Now the car was fine for a little bit, but now on occasions (not all the time), in traffic, the car wants to start heating up again. The temperature needle will start to climb, sometimes in the red, triggering the chimes and what not to say its overheating. Then almost immediatly the system will flush and the temperature will plummet back to normal.

So I am pretty much at a loss at this point, so I have the car at the mechanic now getting inspected and what not, so I told him to take a look to see if he can solve the problem. He called me today and said he has had the car running for about an hour, just sitting and a few trips up and down the road and he said the temperature is not budging, no overheating. He said the fans are kicking on at the correct times and the system is flushing as normal. He said the water pump is also in good working order and the thermostat appears to be in good shape. He doesnt know what it could be.

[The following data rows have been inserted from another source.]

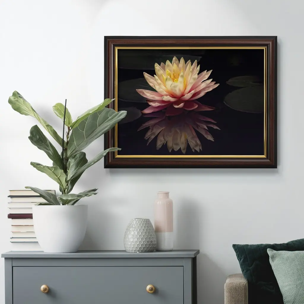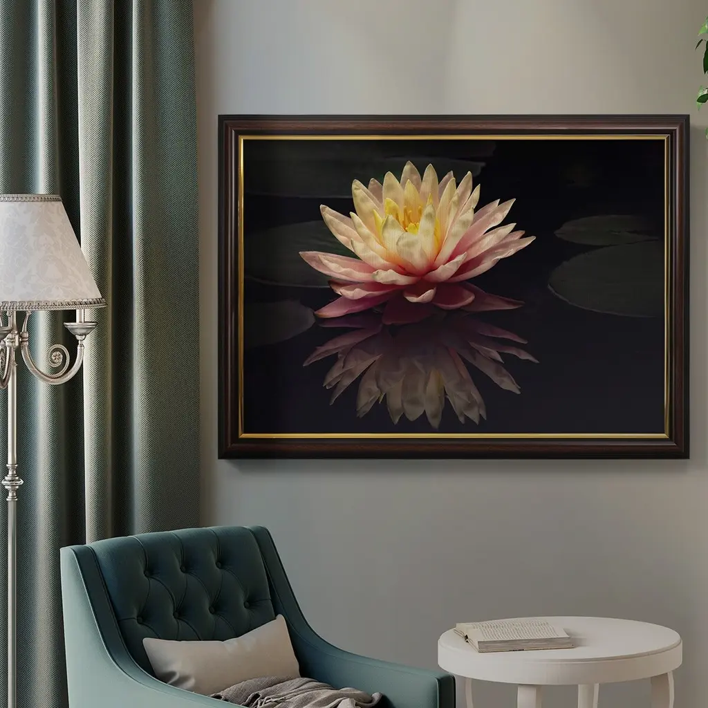 Photography Study Water Lily Premium Framed Canvas- Ready To Hang - 18x27 - Mahogany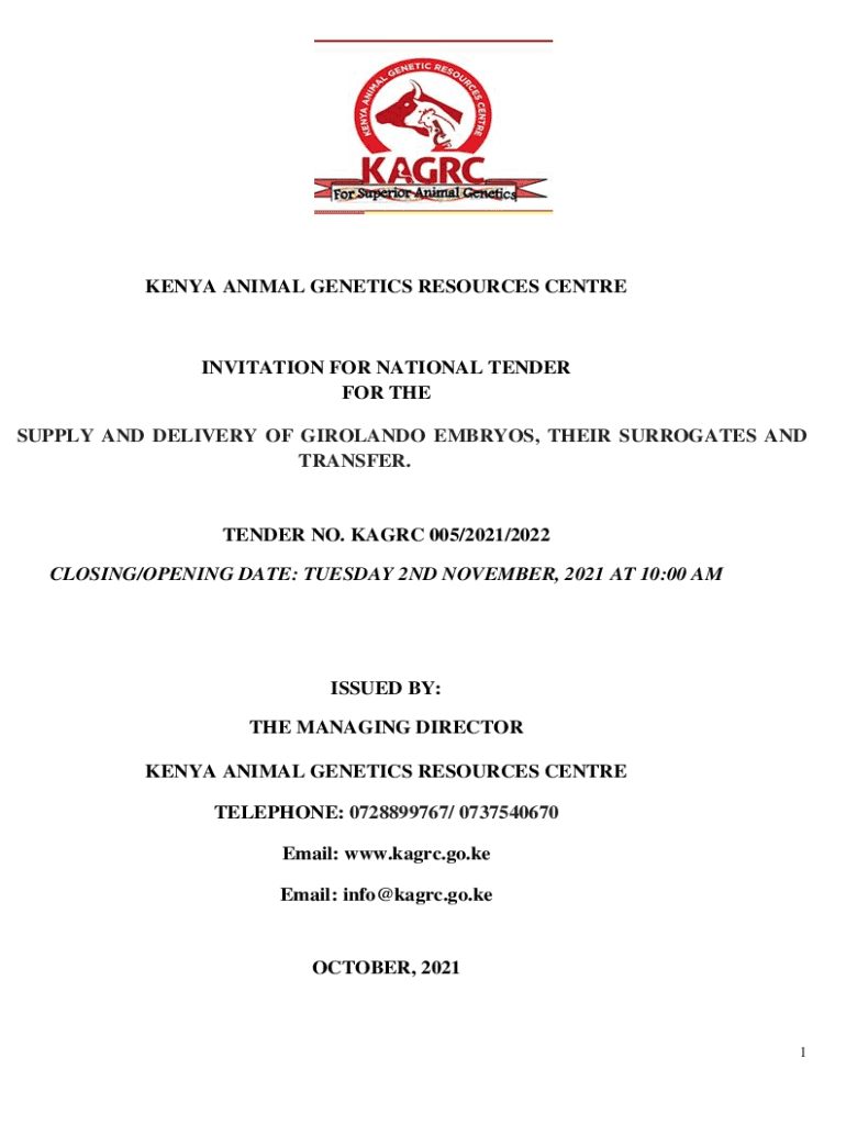 KENYA ANIMAL GENETICS RESOURCES CENTREINVITATION FOR NATIONAL TENDER FOR THE SUPPLY AND DELIVERY OF GIROLANDO EMBRYOS, THEIR SURROGATES AND TRANSFER.TENDER NO. KAGRC 005/2021/2022 CLOSING/OPENING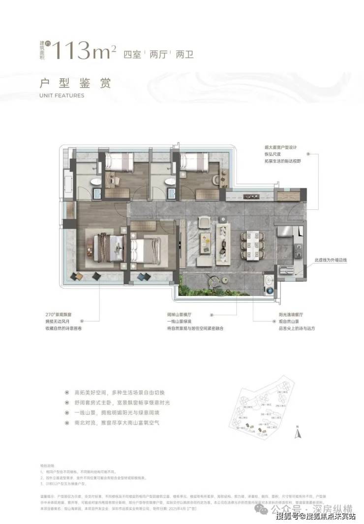 观山海家园,尊享山居四房,前海稀缺之选,建面约113-138㎡四房。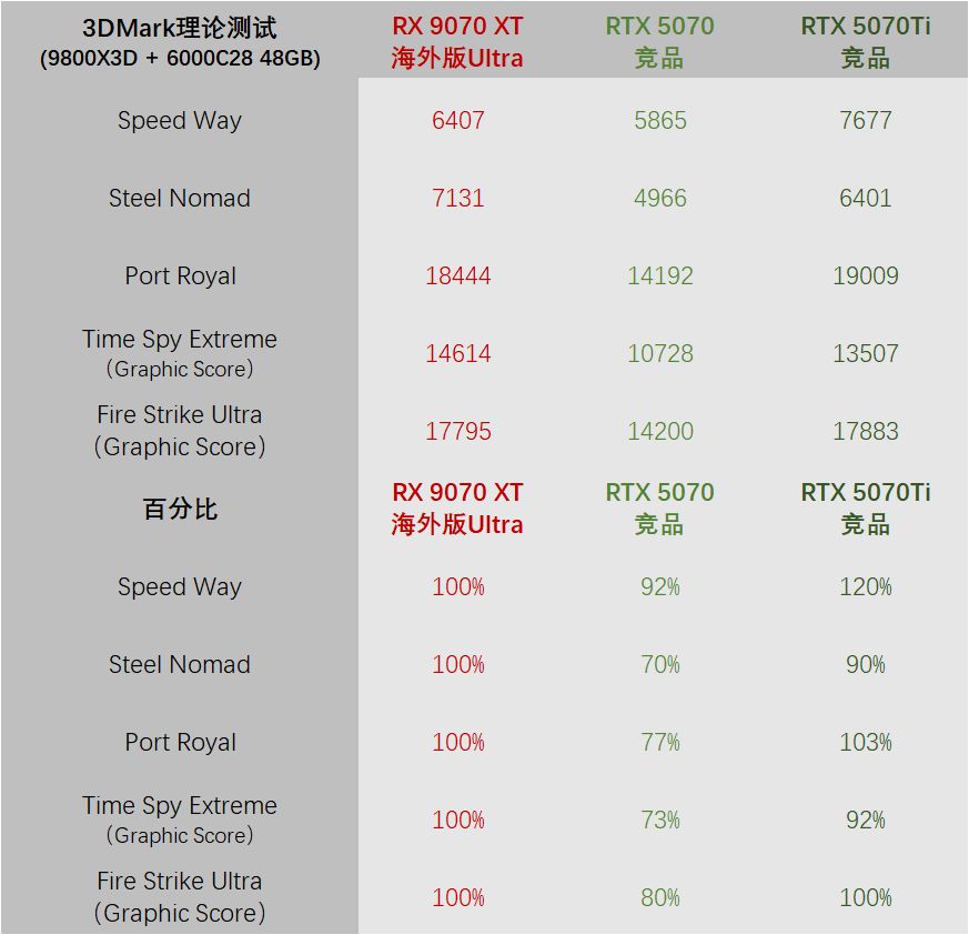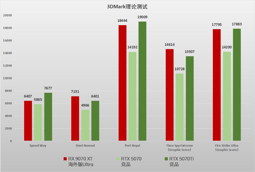 最终的测试结果上来看,RTX5070,就是个弟弟。直接输入查无此人的状态。9070XT在Steel Nomad,TSE的显卡得分上优势明显,PR、FSU上与5070Ti成绩也接近,仅在SW上落后比较明显。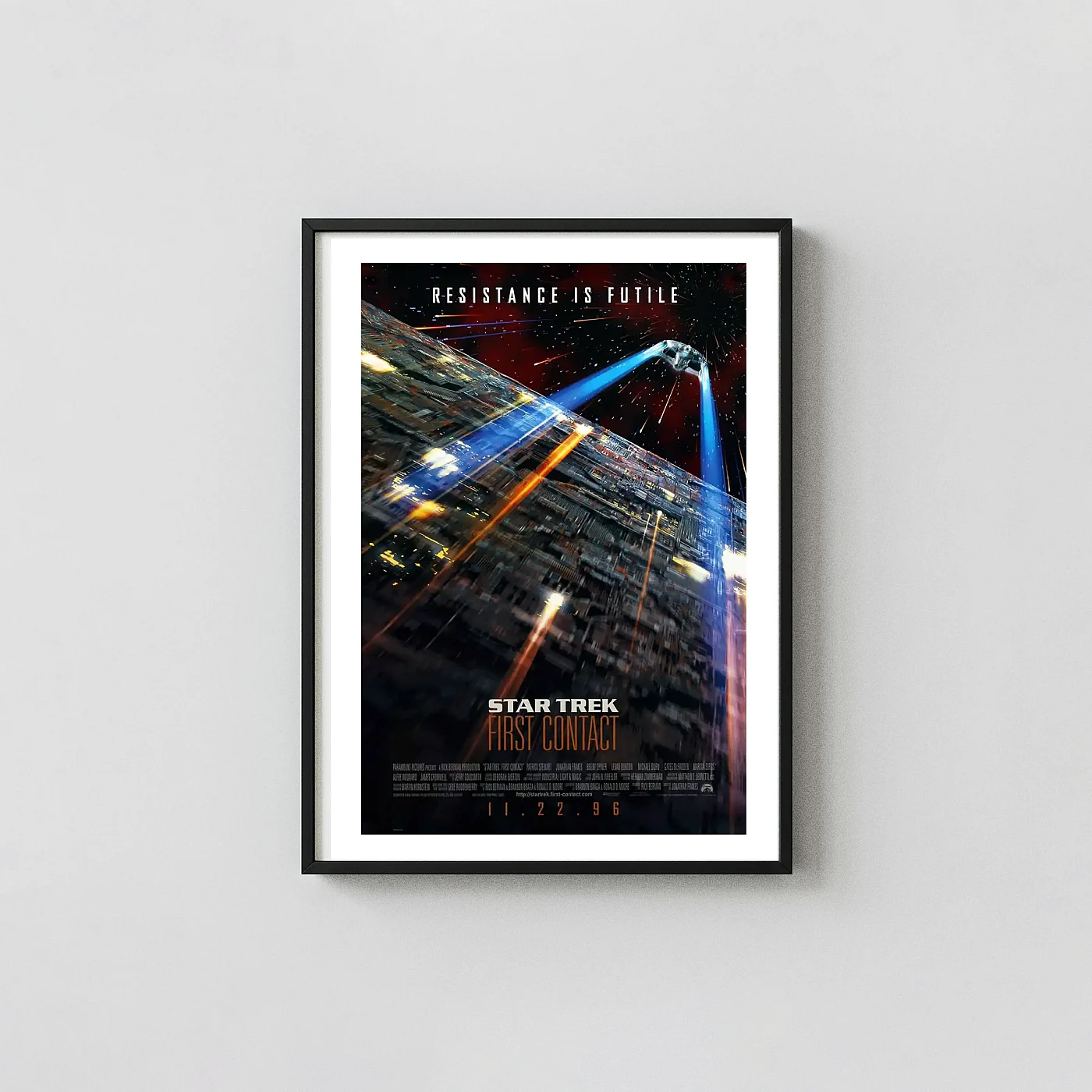 The electric blue-and-black palette pops hardest against white or very light grey walls where the contrast has room to work. A home theater, media room, or a dark-walled study are all ideal environments for this Star Trek First Contact 1996 movie poster. It reads confidently at every size, but the Enterprise-E detail rewards going large.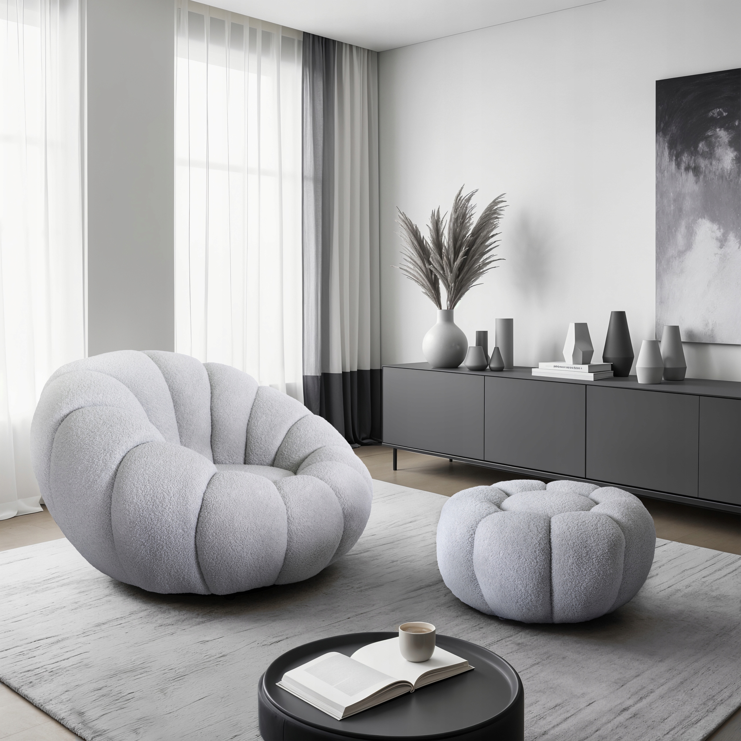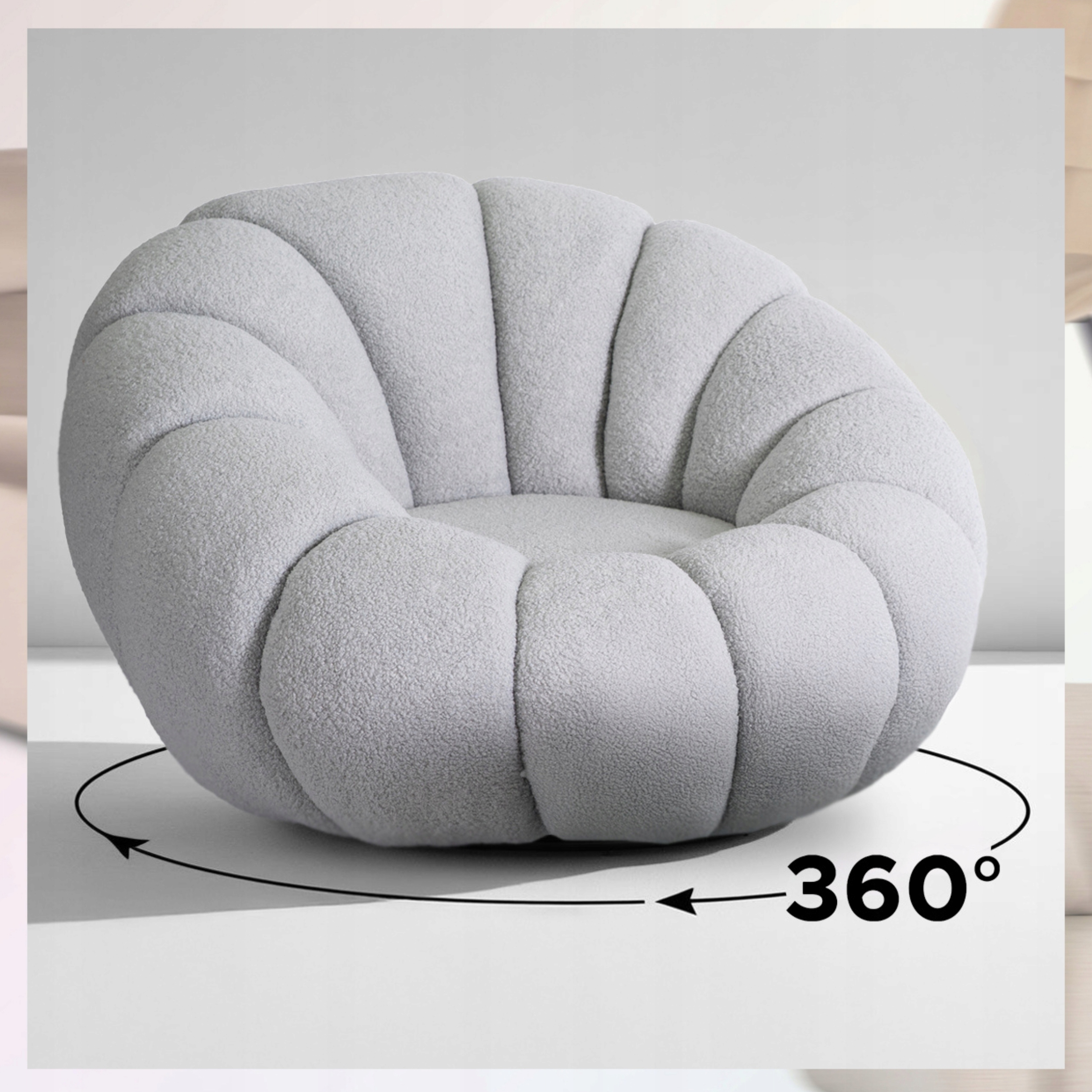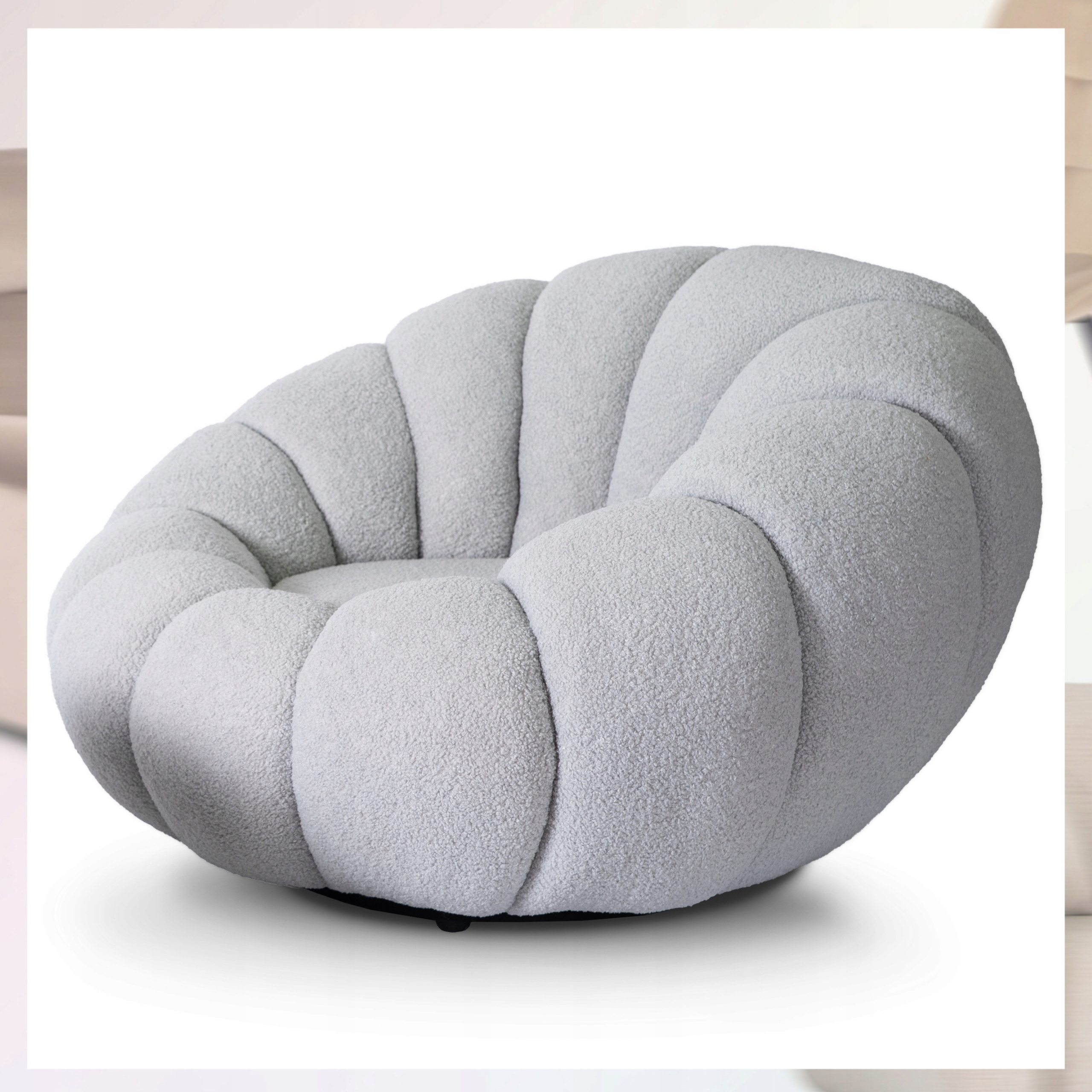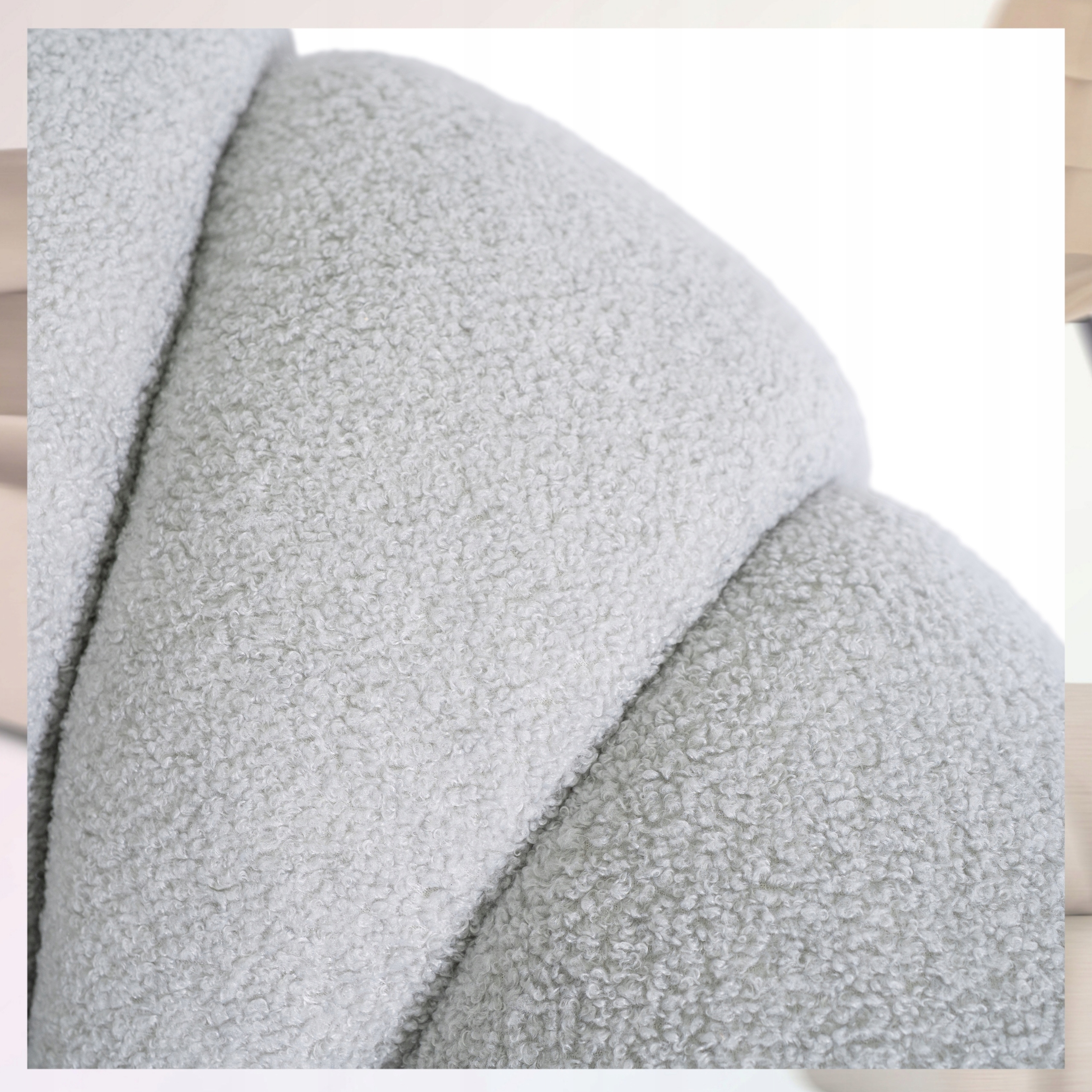 ⭐ Obrotowe siedzisko 360° zapewnia pełną swobodę ruchu, a pluszowa tapicerka boucle o strukturze „baranka” dodaje ciepła i stylowego wyglądu.

Now this is where you guys come in, what route should I go now? It happens at all outside temperatures and at random times. Should I try replacing the thermostat yet again, just to do it to see if the replacement is also sticking? Any ideas? Only aftermarket mods are K&N Intake and a spintech exhaust, the motor is stock.

Thanks.


----------



## B-ville Goat (Oct 5, 2008)

If it acted like that chances are you had an air bubble working it's way out, that's about the only thing that could "fix" itself.


----------



## soltino (Sep 12, 2006)

"the system flushes"

please explain

tino


----------



## Rukee (Feb 8, 2007)

When it's getting hot are the fans working?


----------



## LS2_STS (Jan 5, 2012)

I doubt its an air bubble if its been going on for over a week at random times. I mentioned that the fans are kicking on at the correct time. When I say the system flushes, I mean you can tell when the coolant dumps because the temperature will immediately shoot down to the correct level.


----------



## 68OldGoat (Nov 23, 2009)

I agree with the air bubble theory as the problem since after the car flushes it seems to be OK for awhile and then comes back.The problem might be coming back because the system continues to be sucking air from a small leak in the cooling system to create another air bubble. The other thought is that someplace in the engine there is a blockage in some part of the internal cooling jacket. Have you tried changing the temp sensor sending unit?


----------



## EagleGoat (Jun 6, 2012)

When you changed the stat had you ever burped a cooling system before? It's not always easy in these cars. You could alsways do a cooler stat to get it opening soon, but that may be masking the problem and not fixing it. Btw, you have a very honest and mechanic, so even if he isn't the best, ie your disagreeing with him about this, that's a pretty good trade off IMHO.


----------